Problem details =>
Using the listing below, print the line containing "Fresh showing fresh", the line containing "A pretty wildlife", and each line between them, exactly and nothing else. Pictures stay out of the print.

Records for the exercise =>
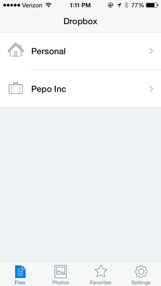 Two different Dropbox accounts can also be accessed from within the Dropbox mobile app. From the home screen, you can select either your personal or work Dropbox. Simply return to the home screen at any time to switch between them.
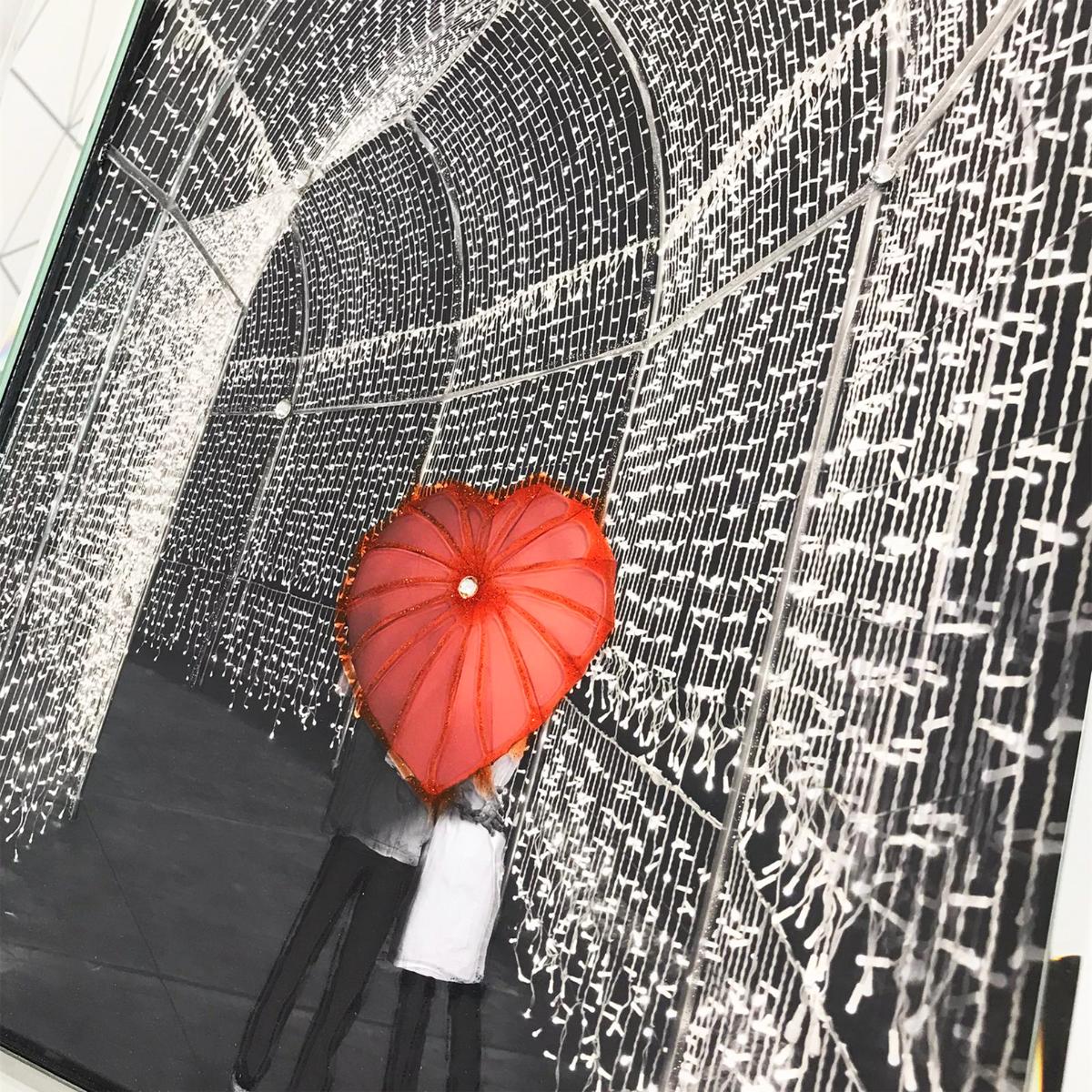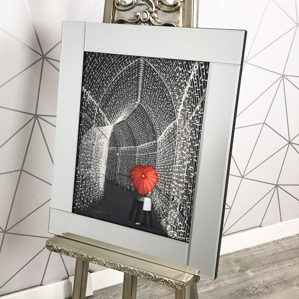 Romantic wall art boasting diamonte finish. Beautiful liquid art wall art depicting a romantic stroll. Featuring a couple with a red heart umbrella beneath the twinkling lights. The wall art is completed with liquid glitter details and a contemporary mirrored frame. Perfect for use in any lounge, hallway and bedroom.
---
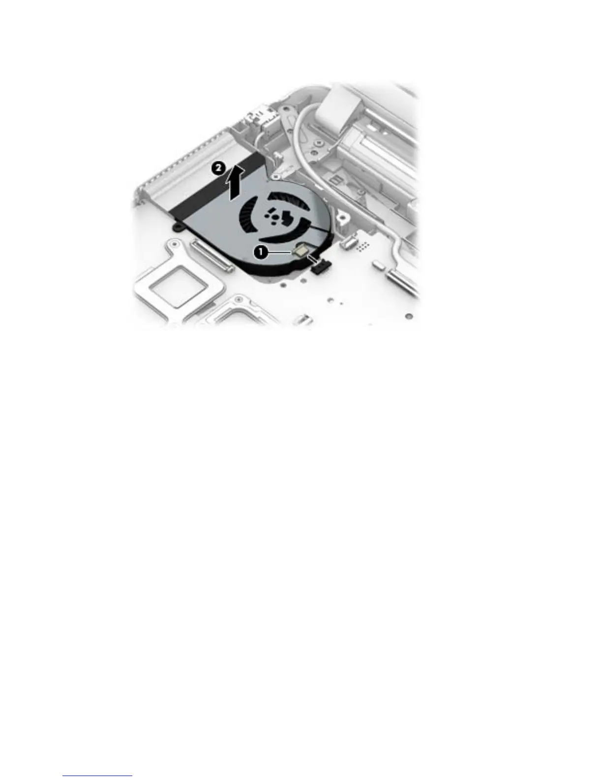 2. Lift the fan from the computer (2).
* * *
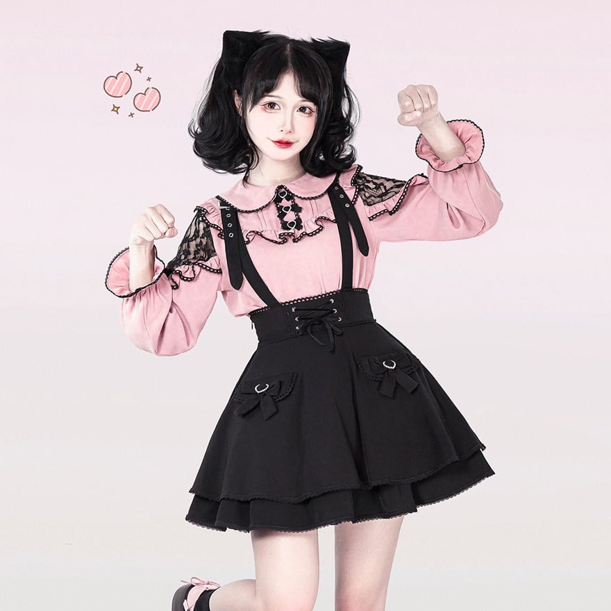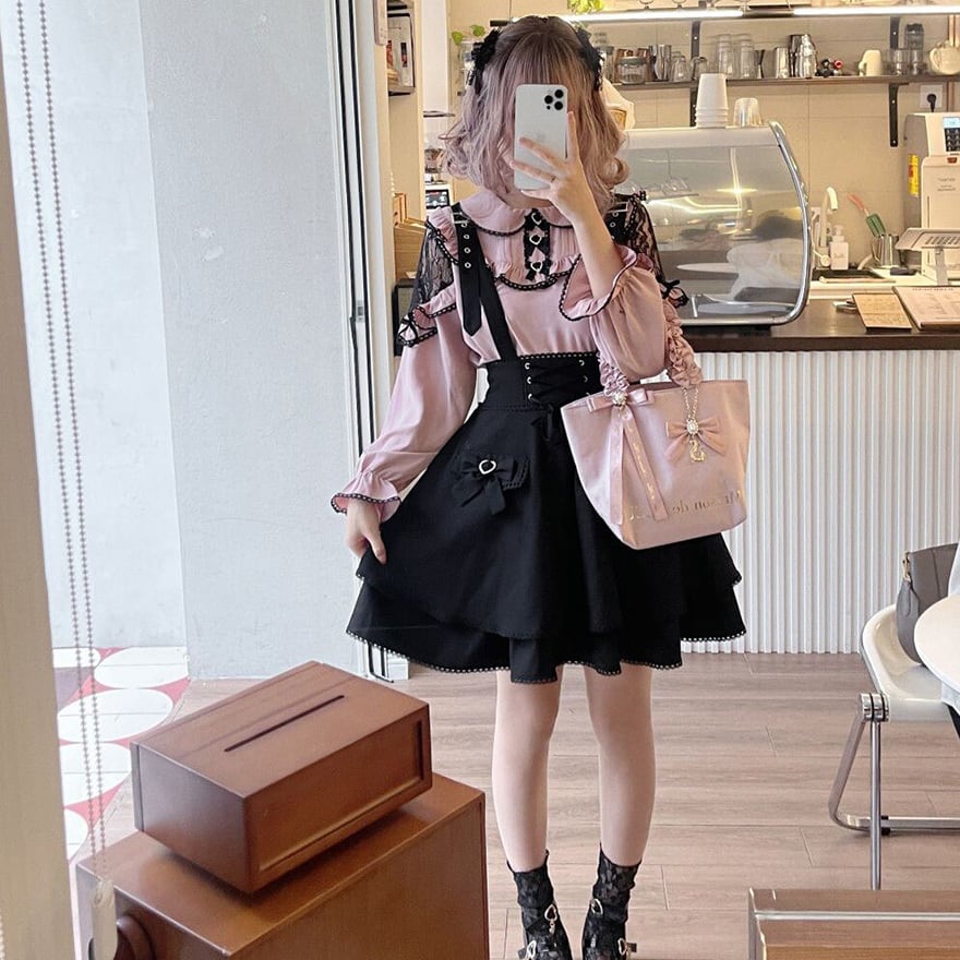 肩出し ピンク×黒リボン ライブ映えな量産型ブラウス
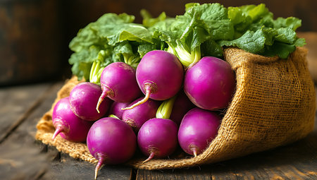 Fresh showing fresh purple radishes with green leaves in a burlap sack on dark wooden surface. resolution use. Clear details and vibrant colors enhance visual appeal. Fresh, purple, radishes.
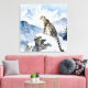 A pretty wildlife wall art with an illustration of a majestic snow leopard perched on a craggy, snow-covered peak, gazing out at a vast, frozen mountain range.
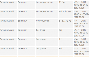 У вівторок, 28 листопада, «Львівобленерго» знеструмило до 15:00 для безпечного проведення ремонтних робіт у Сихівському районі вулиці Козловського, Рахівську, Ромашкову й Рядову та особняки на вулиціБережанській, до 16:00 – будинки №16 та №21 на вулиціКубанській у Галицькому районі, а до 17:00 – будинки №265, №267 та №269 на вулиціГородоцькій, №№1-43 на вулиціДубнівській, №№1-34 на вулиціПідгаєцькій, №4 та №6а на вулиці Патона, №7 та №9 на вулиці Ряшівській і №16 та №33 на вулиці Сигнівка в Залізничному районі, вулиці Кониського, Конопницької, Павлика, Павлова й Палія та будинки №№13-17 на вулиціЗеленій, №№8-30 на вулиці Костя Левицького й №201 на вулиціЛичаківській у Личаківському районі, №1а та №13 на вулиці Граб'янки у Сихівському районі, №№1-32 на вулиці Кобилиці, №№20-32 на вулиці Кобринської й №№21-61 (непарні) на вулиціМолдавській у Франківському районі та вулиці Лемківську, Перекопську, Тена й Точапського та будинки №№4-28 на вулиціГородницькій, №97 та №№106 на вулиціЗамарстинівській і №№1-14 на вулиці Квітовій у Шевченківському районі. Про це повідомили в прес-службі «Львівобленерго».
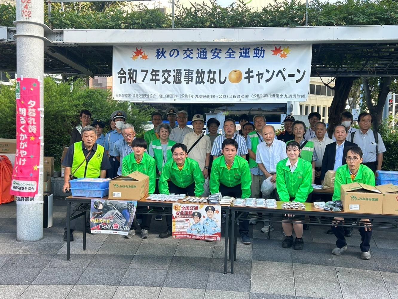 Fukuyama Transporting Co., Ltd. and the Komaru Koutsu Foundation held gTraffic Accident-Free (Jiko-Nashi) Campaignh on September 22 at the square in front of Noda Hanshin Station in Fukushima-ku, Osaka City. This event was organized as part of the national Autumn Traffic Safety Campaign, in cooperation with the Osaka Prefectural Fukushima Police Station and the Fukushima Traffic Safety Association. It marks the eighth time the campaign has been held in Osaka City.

Exercise answer =>
 Fresh showing fresh purple radishes with green leaves in a burlap sack on dark wooden surface. resolution use. Clear details and vibrant colors enhance visual appeal. Fresh, purple, radishes.
 A pretty wildlife wall art with an illustration of a majestic snow leopard perched on a craggy, snow-covered peak, gazing out at a vast, frozen mountain range.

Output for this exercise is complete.